**DATA IN THIS EXERCISE**
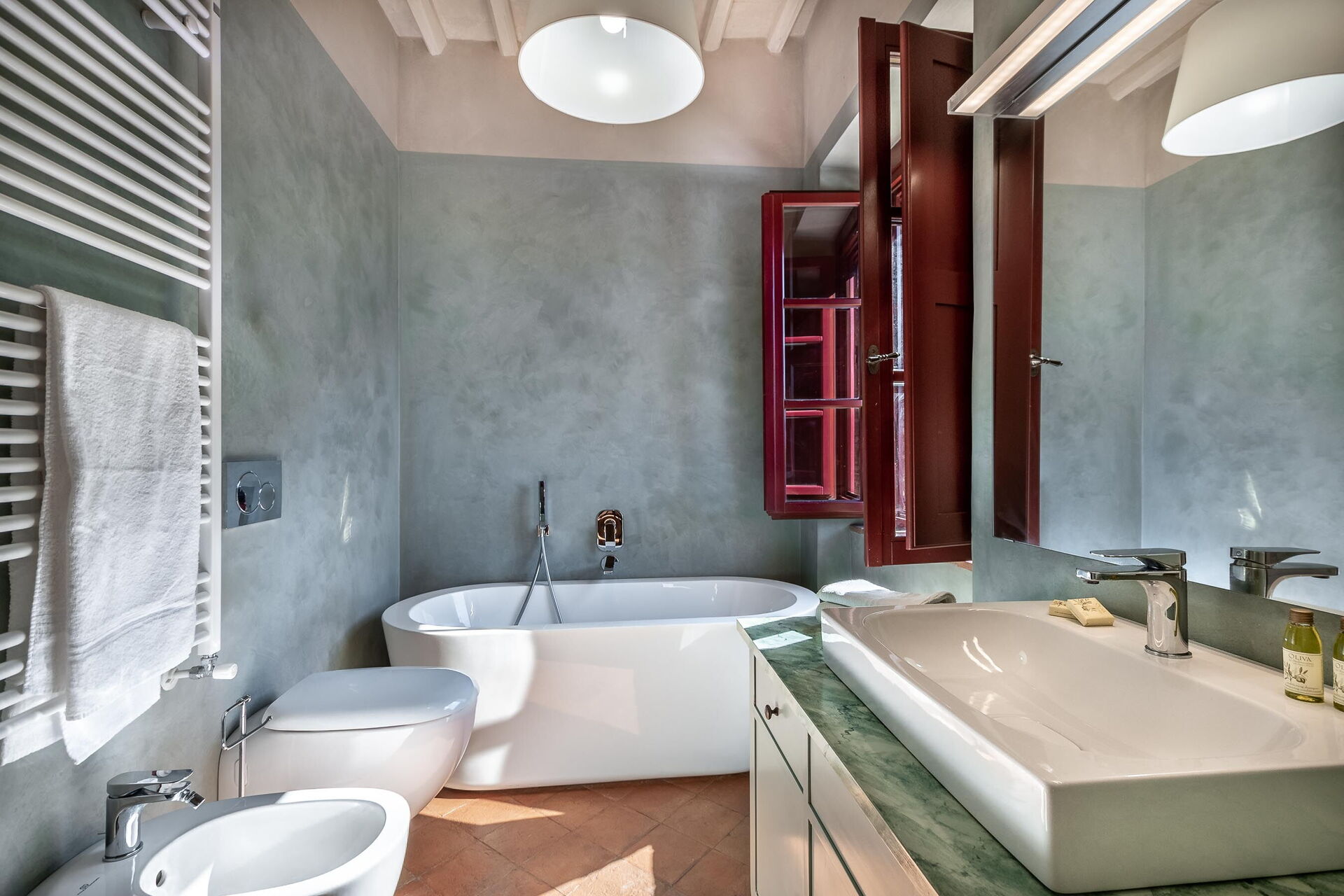 Schlafzimmer mit Bad: Doppelbett, WiFi Internet, Fliegengitter, Satelliten-TV, tragbarer Ventilator, Sofa, Sessel, Schreibtisch, Waschbecken, WC, Bidet, Dusche, Fön, Ausgang auf den Garten, Ausgang auf die Terrasse.
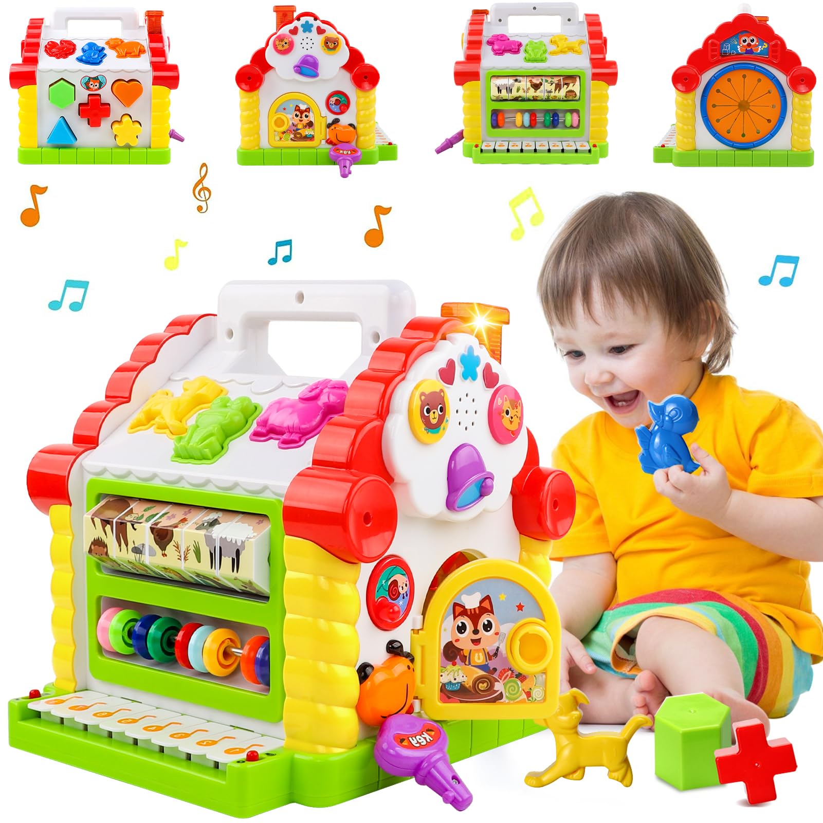 ??6-in-1 Activities Toddlers Toys?The fun hexagonal house is designed according to the nature of the baby.11 3D Blocks,8 Musical Scales, 22 Sound Effects,8 Fun Songs,6 Animal Sounds,Unlocking Design.It is a baby girl toys 12-18 months montessori toy that baby will not be bored to play for hours, free mom's hands. | ???Fun Learning and Education?Birthday gift for 1 year old girl.Each side is a new toy for kids to enjoy playing that can help babies learn numbers,music theory and exercise their memory training,listening,hand-eye coordination development. | ???Friendly & Thoughtful Designs?This musical funny house baby toys for 1 year old with Adjustable Volume.There is a handle on the top,which is convenient for the baby to put and grab wherever he/she wants to go | ???Safe and Durable?Made of non-toxic ABS material, rounded edges and smooth surface, durable nd good resistance to mill. Passed the US standard CPSIA and ASTM certification,which is safe toddler toys age 1-2 girl to play. | ???Best Baby Gift ?Our baby music early learning activity cube is a great early education toys, toy. It is the perfect gift toys for 1 2 3 Year Old Girls Boys Birthday, Christmas,Easter, Thanksgiving, Preschool Props,Teaching Aids, etc.Great baby toys for 1 year old.
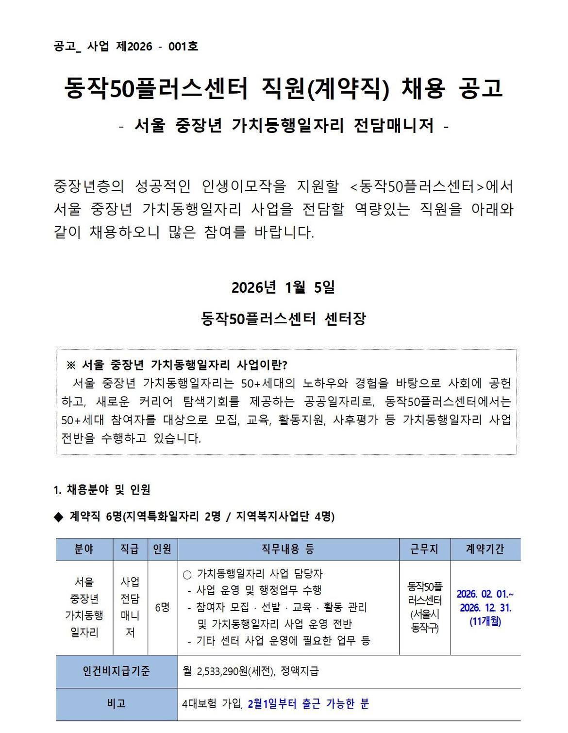 서울시 동작센터 | 동작50플러스센터 직원(계약직) 채용 공고- 서울 중장년 가치동행일자리 전담매니저
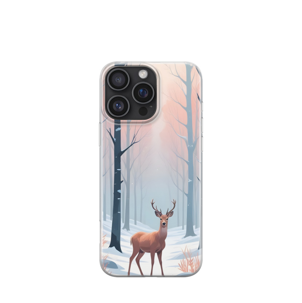 iPhone 16 Pro Max Gummi Hülle Hirsch im Morgennebel - Weiss
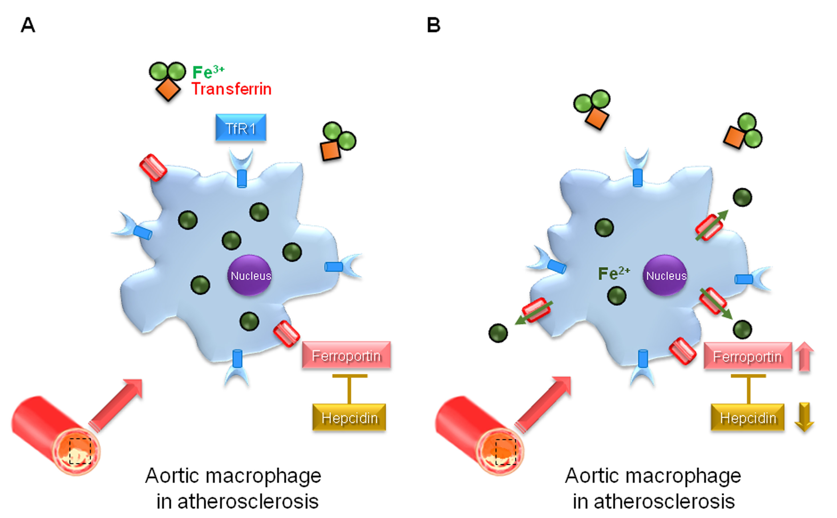 Fig. 3.Hepcidin in the pathogenesis of atherosclerosis. (A) In atherosclerotic lesion, hepcidin suppresses cellular iron export from aortic macrophages with downregulation of ferroportin expression and enhances intracellular iron accumulation, and this may promote atherosclerosis. (B) In hepcidin gene-deficient mice with low-density lipoprotein receptor deficient mice, cellular iron export is induced from aortic macrophages with upregulation of ferroportin expression and decreases intracellular iron accumulation, this may suppress atherosclerosis.
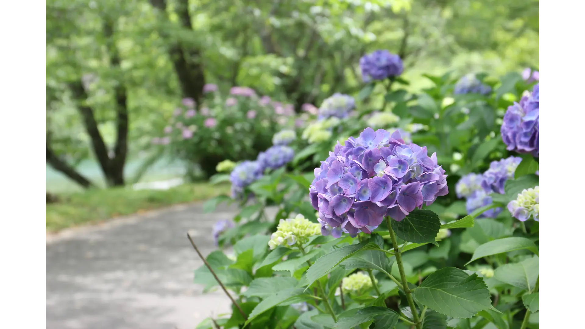 宮川沿いの遊歩道の両脇に約300株のあじさいが咲いています。川のせせらぎとあじさいを楽しみながらのウォーキングに最適です。
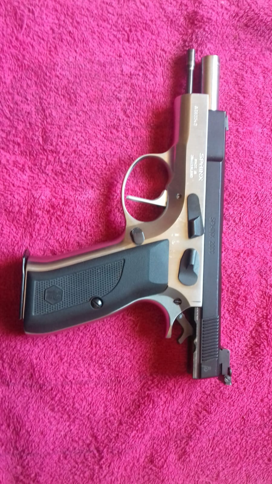 Vendo esta pistola suiza de la marca Sphinx. Os recomiendo que busqueis por internet informacion de esta pistola, os sorprendera de lo que estamos hablando.Esta preparada para precision, gatillo recto instalado y afinado por armeria Mestres , algunos conocereis como trabaja este armero. Esta en simple accion pero tengo las piezas para volver a dejarla en doble accion. Miras micrometricas instaladas.El arma esta en perfecto estado mecanico y estetico. Como clon de la CZ admite accesorios de la misma. Solo usada en precision y con unos 3000 tiros dados. 600 euros mas portes. Esta en Barcelona y quiada en F.
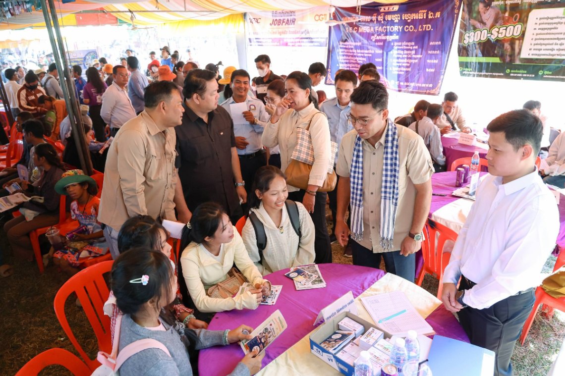 សៀមរាប៖ វេទិកាការងារ សន្តិសុខសង្គម និងបណ្តុះបណ្តាលវិជ្ជាជីវៈ ជាមួយឱកាសការងារ ៨៩ ៥៣៩កន្លែង និងឱកាសទទួលបានព័ត៌មានស្តីពីអត្ថប្រយោជន៍ ប.ស.ស. ត្រូវបានប្រារព្ឋធ្វើឡើងនៅក្នុងបរិវេណសាលាបឋមសិក្សា និងអនុវិទ្យាល័យភូមិគំរូ ក្នុងស្រុកក្រឡាញ់ ខេត្តសៀមរាប នៅថ្ងៃអាទិត្យ ទី១ ខែកុម្ភៈ ឆ្នាំ២០២៦ ក្រោមអធិបតី ឯកឧត្តម យឹម ស៊ីណន រដ្ឋលេខាធិការ តំណាងដ៏ខ្ពង់ខ្ពស់ ឯកឧត្តម ហេង សួរ រដ្ឋមន្ត្រីក្រសួងការងារ និងបណ្ដុះបណ្ដាលវិជ្ជាជីវៈ។

**WORK TO COMPLETE**
Reproduce word for word the lines from the line holding "Fig. 3.Hepcidin in" through the last line of the material above, inclusive, and keep pictures out of it.

**SOLUTION FOR THIS PROBLEM**
 Fig. 3.Hepcidin in the pathogenesis of atherosclerosis. (A) In atherosclerotic lesion, hepcidin suppresses cellular iron export from aortic macrophages with downregulation of ferroportin expression and enhances intracellular iron accumulation, and this may promote atherosclerosis. (B) In hepcidin gene-deficient mice with low-density lipoprotein receptor deficient mice, cellular iron export is induced from aortic macrophages with upregulation of ferroportin expression and decreases intracellular iron accumulation, this may suppress atherosclerosis.
 宮川沿いの遊歩道の両脇に約300株のあじさいが咲いています。川のせせらぎとあじさいを楽しみながらのウォーキングに最適です。
 Vendo esta pistola suiza de la marca Sphinx. Os recomiendo que busqueis por internet informacion de esta pistola, os sorprendera de lo que estamos hablando.Esta preparada para precision, gatillo recto instalado y afinado por armeria Mestres , algunos conocereis como trabaja este armero. Esta en simple accion pero tengo las piezas para volver a dejarla en doble accion. Miras micrometricas instaladas.El arma esta en perfecto estado mecanico y estetico. Como clon de la CZ admite accesorios de la misma. Solo usada en precision y con unos 3000 tiros dados. 600 euros mas portes. Esta en Barcelona y quiada en F.
 សៀមរាប៖ វេទិកាការងារ សន្តិសុខសង្គម និងបណ្តុះបណ្តាលវិជ្ជាជីវៈ ជាមួយឱកាសការងារ ៨៩ ៥៣៩កន្លែង និងឱកាសទទួលបានព័ត៌មានស្តីពីអត្ថប្រយោជន៍ ប.ស.ស. ត្រូវបានប្រារព្ឋធ្វើឡើងនៅក្នុងបរិវេណសាលាបឋមសិក្សា និងអនុវិទ្យាល័យភូមិគំរូ ក្នុងស្រុកក្រឡាញ់ ខេត្តសៀមរាប នៅថ្ងៃអាទិត្យ ទី១ ខែកុម្ភៈ ឆ្នាំ២០២៦ ក្រោមអធិបតី ឯកឧត្តម យឹម ស៊ីណន រដ្ឋលេខាធិការ តំណាងដ៏ខ្ពង់ខ្ពស់ ឯកឧត្តម ហេង សួរ រដ្ឋមន្ត្រីក្រសួងការងារ និងបណ្ដុះបណ្ដាលវិជ្ជាជីវៈ។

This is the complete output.